If I were a director I would be very nervous on the quality control of all the welding that was done. And will all the valves be replaced too or will there be a solution by injection corrosion inhibitors?

In that case you save on Capex but saddle the operator with higher Opex and with a high chance (read certainty) this corrosion inhibition will go wrong one or more times. Can anyone make a suggestion?

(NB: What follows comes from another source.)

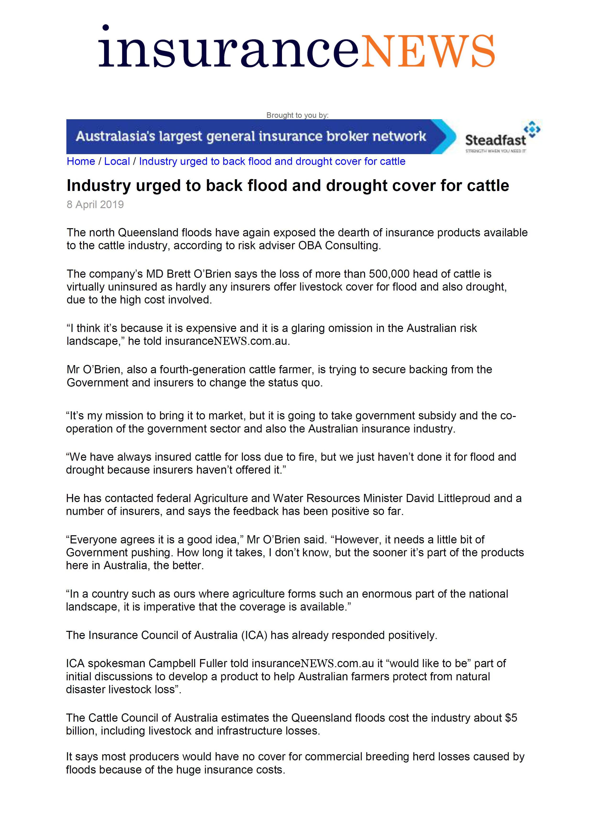 Industry urged to back flood and drought cover cover for cattle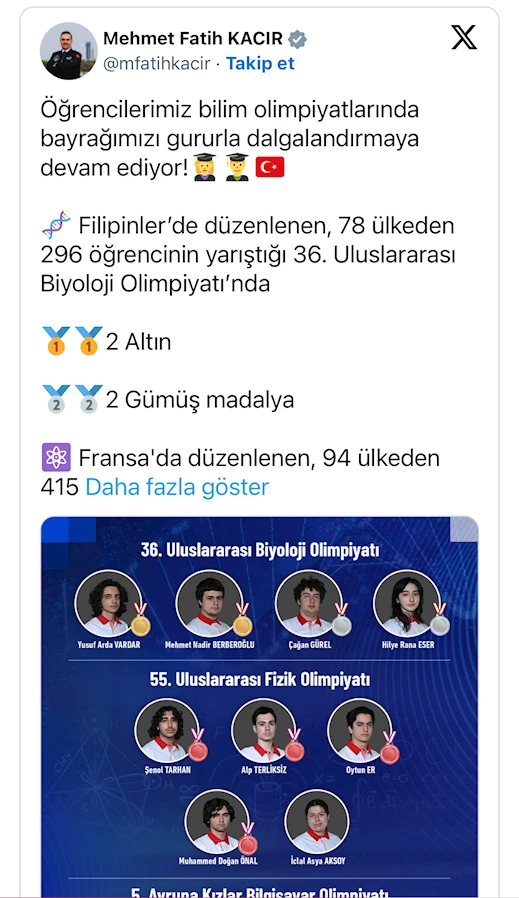 36. Uluslararası Biyoloji Olimpiyatı (Filipinler): 78 ülkeden 296 öğrencinin katıldığı bu zorlu yarışmada öğrencilerimiz 2 altın ve 2 gümüş madalya kazanarak büyük bir başarıya imza attı. Bu sonuç, Türk gençlerinin biyoloji alanındaki yetkinliğini kanıtladı.

RELATED COMMENT FROM “RELIEVED” POSTED ON SHELL BLOG 22 MAY 2014

To Old EP Hand: Having had to deal with sour service issues when I worked for Shell on the ‘P’ side of the business I am as appalled as you are at the level of incompetence displayed on the Kashagan project, and by all parties. You are correct, someone signed off on all of this, and I suspect that some technical ‘expert’ at Shell signed-off as well. Probably a 2 year engineer who got saddled with processing incoming paperwork from the operator. If Shell management was as competent as LondonLad appears to have been in his time at Shell it is no wonder that the obvious was overlooked and ignored. Probably for ‘political’ reasons. Who would want to create a stink by claiming the Italians didn’t know their own rear ends from a hole in the ground ??? Maybe the Shell staff assigned to the project had the same problem.